Having taken over the Russian house in 1917 without the consent of the people, the Bolsheviks (communists) attempted to fill a vacuum left by the collapse of a dynasty that had ruled for more than three centuries. The communists, wedded as they were to a system that couldn't work, consequently made a big mess of everything.

It appears little has changed. The new democratic Russia is led by a former KGB official who seemed bewildered during the country's latest crisis, the sinking of the nuclear submarine Kursk.

Officially, it didn't sink; it simply "descended to the bottom of the sea." Officially, no lives were lost, and contact with the sub was maintained at all times.

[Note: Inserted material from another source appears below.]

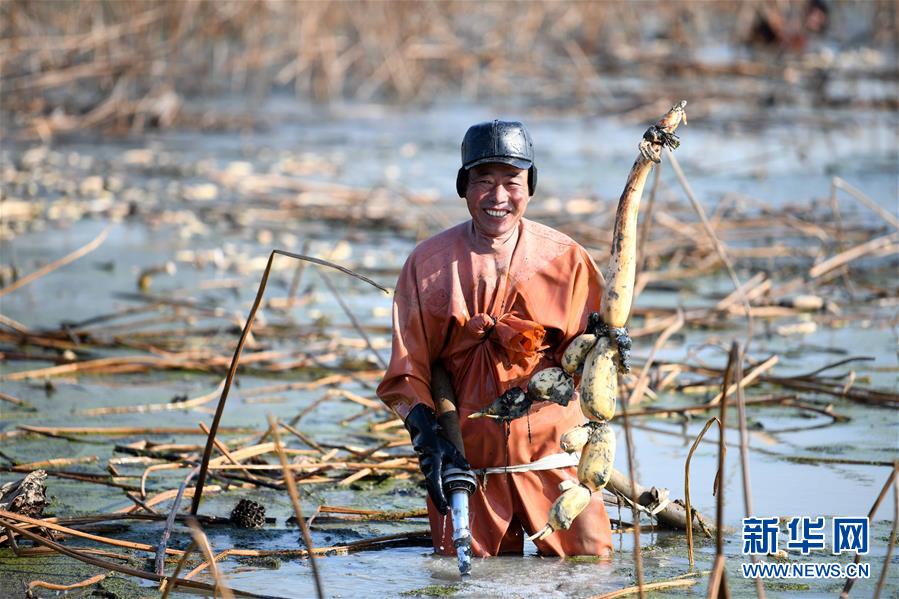 寒冬時節(jié),白洋淀里依然活躍著不少挖藕人,他們身穿橡膠工作服,在冰冷的水中辛勤工作。
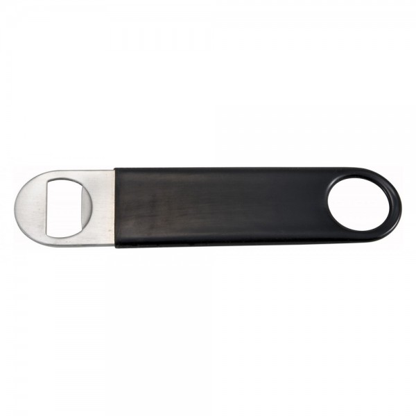 Quickly uncap a bottle of beer, soda, or mineral water using this flat bottle opener. Thanks to its compact size, this bottle opener is great for parties, outdoor events, or fast-paced food service establishments. The convenient thumb hole can double as a hanging loop when not in use.

This was the official stance until the lies were no longer credible and the extent of the disaster was revealed. By then it was too late for foreign technology, sent on request by Britain and Norway, to attempt a rescue.

Officially, foreigners are still to blame for the incident, the Kursk supposedly having been in a collision with an American or British submarine during naval exercises. Most outsiders, however, acknowledge that torpedoes in the submarine exploded, killing most of the men immediately, with others dying in the days that followed.

Newspapers reported that President Vladimir Putin's first concern when hearing of the loss was of the financial consequences; his second worry was the impact on the navy. Only then was any thought expressed for the men.

After 70 years of communism, during which Russians and other Soviets had no rights and no recourse to settle injustices, it is understandable that Russian leaders lack experience and don't know how to react in a crisis like this. A pervasive feeling persists that squatters have taken over the house and are waiting for the police to arrive. A feeling is evident that the present system is only temporary, that the country is waiting for something better to come along-a system thatwill usher in another 300 years of stability.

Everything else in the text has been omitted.